» **Items from a data source**:
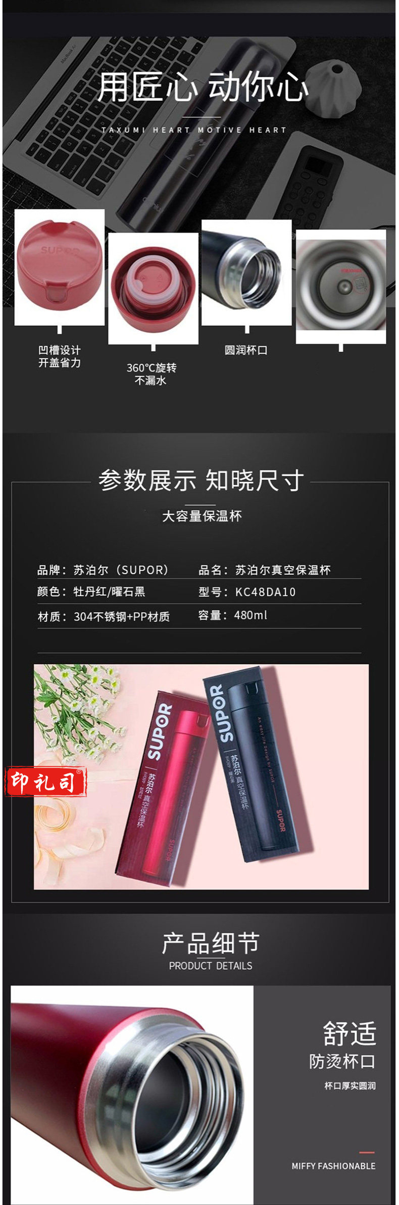苏泊尔KC48DA10 真空保温杯 480ML
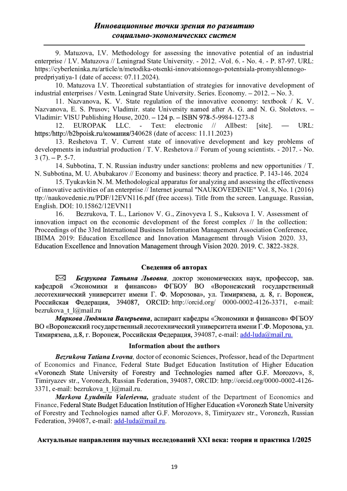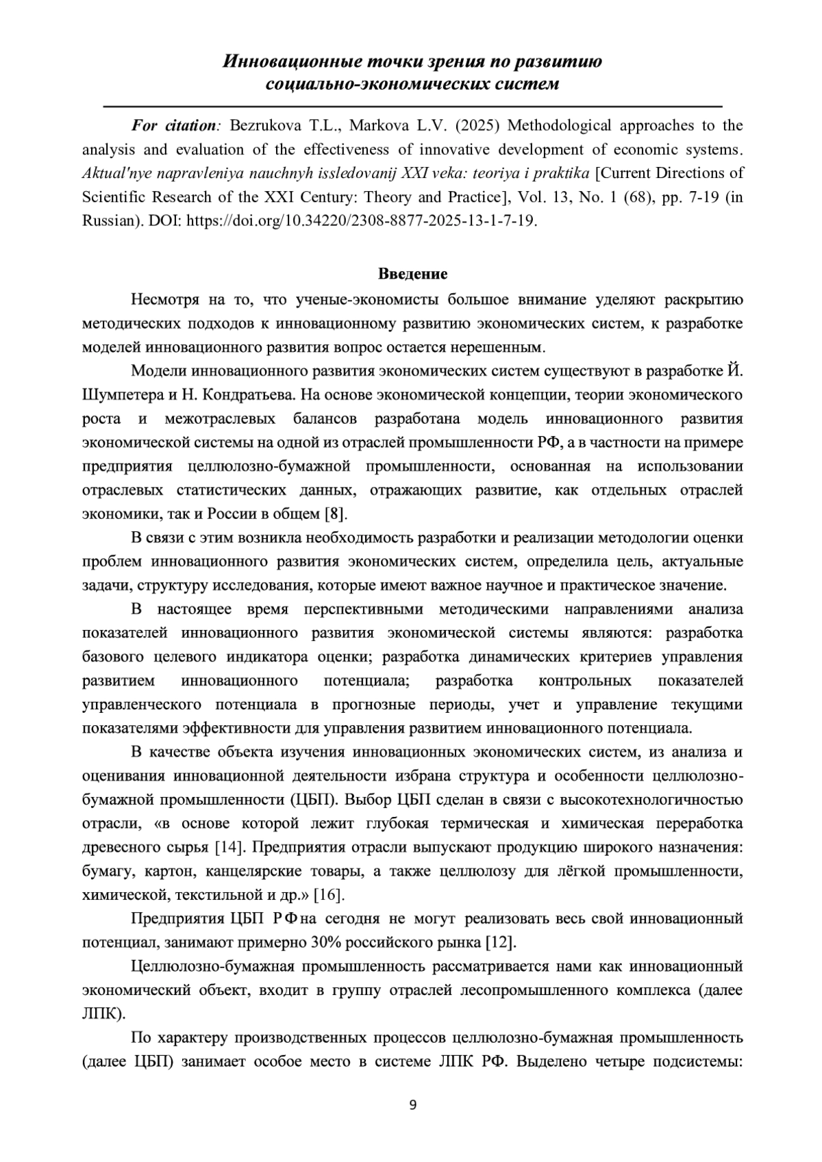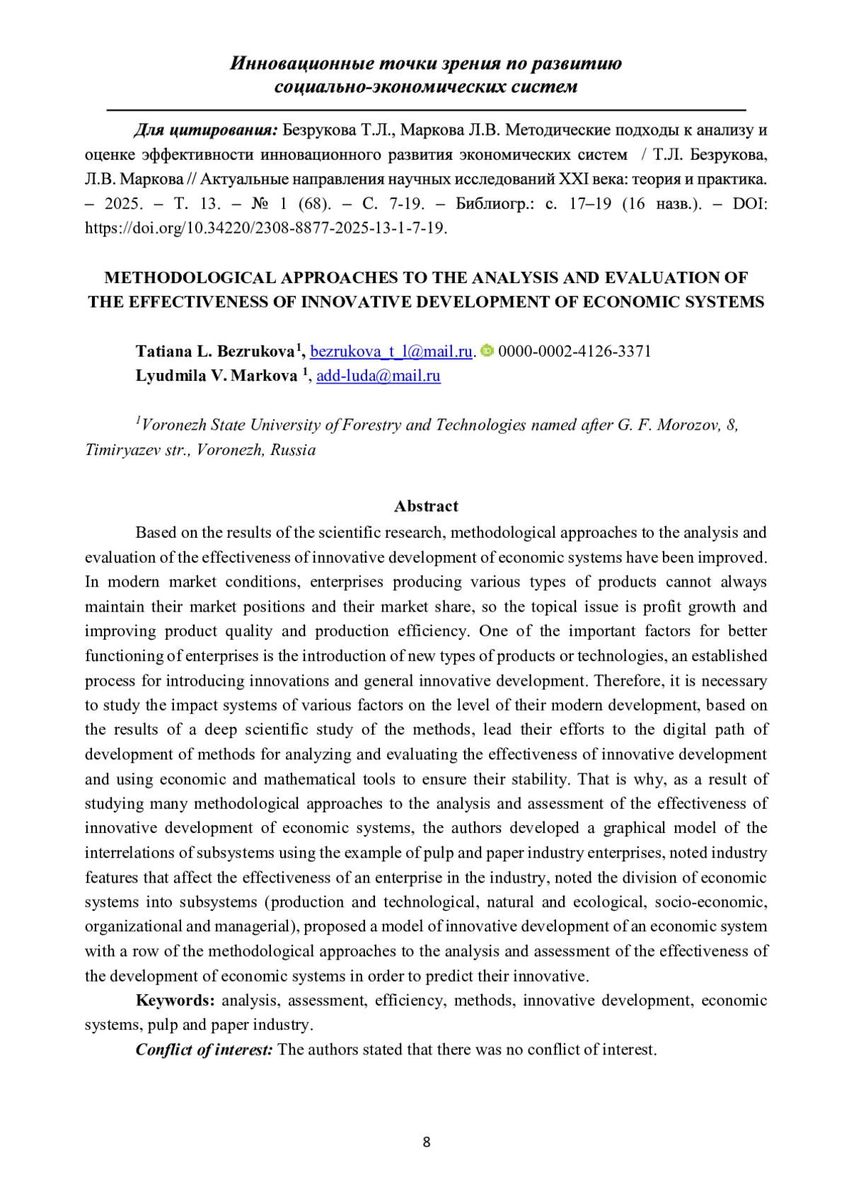 БЕЗРУКОВА Т. Л., МАРКОВА Л. В. МЕТОДИЧЕСКИЕ ПОДХОДЫ К АНАЛИЗУ И ОЦЕНКЕ ЭФФЕКТИВНОСТИ ИННОВАЦИОННОГО РАЗВИТИЯ ЭКОНОМИЧЕСКИХ СИСТЕМ // АКТУАЛЬНЫЕ НАПРАВЛЕНИЯ НАУЧНЫХ ИССЛЕДОВАНИЙ XXI ВЕКА: ТЕОРИЯ И ПРАКТИКА. 2025. Т. 13 № 1 (68)
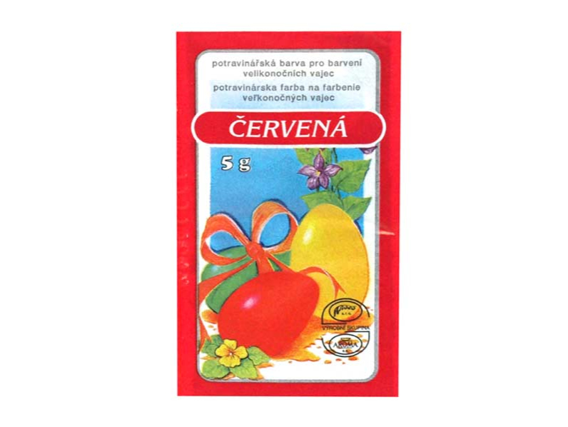Jedno vrecúško obsahuje 5g potravinárskej farby na zafarbenie vajíčok. Farba nesie označenie Český výrobok. Návod na použitie: Obsah vrecúška rozpustite v 1/4l vody (70°C), pridajte 1-2 lyžice octu. Vložte čisté, odmastené a natvrdo uvarené vajce na 2-5 minút. Zafarbené vajíčka vyberte a nechajte oschnúť. Aby sa Vám vajíčka pekne leskli, nezabudnite ich po zafarbení potrieť tukom. Roztok postačuje na zafarbenie až 15ks vajec.
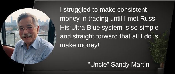 "Russ is an exceptional mentor, and the Ultra Blue Forex system is pure genius. Thanks to them both, I've never been more confident in my trades. I win more than ever, and my losses are always small."
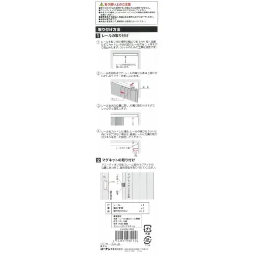 【取り扱い上のご注意】 取り付けネジは木部用です。木部以外には使用できません。 アコーディオンドア本体にぶら下がらないでください。 お手入れの際は、シンナーやベンジンなどの揮発性溶剤の使用はお避けください。 暖房器具のそばなど、 高温になる場所に近付けないでください。 本品は屋内用です。 本品は家庭用です。 業務用には使用しないでください。

» **EXERCISE**:
The answer must be the lines above from the line that contains "is an exceptional" to the final line of the data, word for word, with no pictures.

» **ANSWER SECTION**:
 "Russ is an exceptional mentor, and the Ultra Blue Forex system is pure genius. Thanks to them both, I've never been more confident in my trades. I win more than ever, and my losses are always small."
 【取り扱い上のご注意】 取り付けネジは木部用です。木部以外には使用できません。 アコーディオンドア本体にぶら下がらないでください。 お手入れの際は、シンナーやベンジンなどの揮発性溶剤の使用はお避けください。 暖房器具のそばなど、 高温になる場所に近付けないでください。 本品は屋内用です。 本品は家庭用です。 業務用には使用しないでください。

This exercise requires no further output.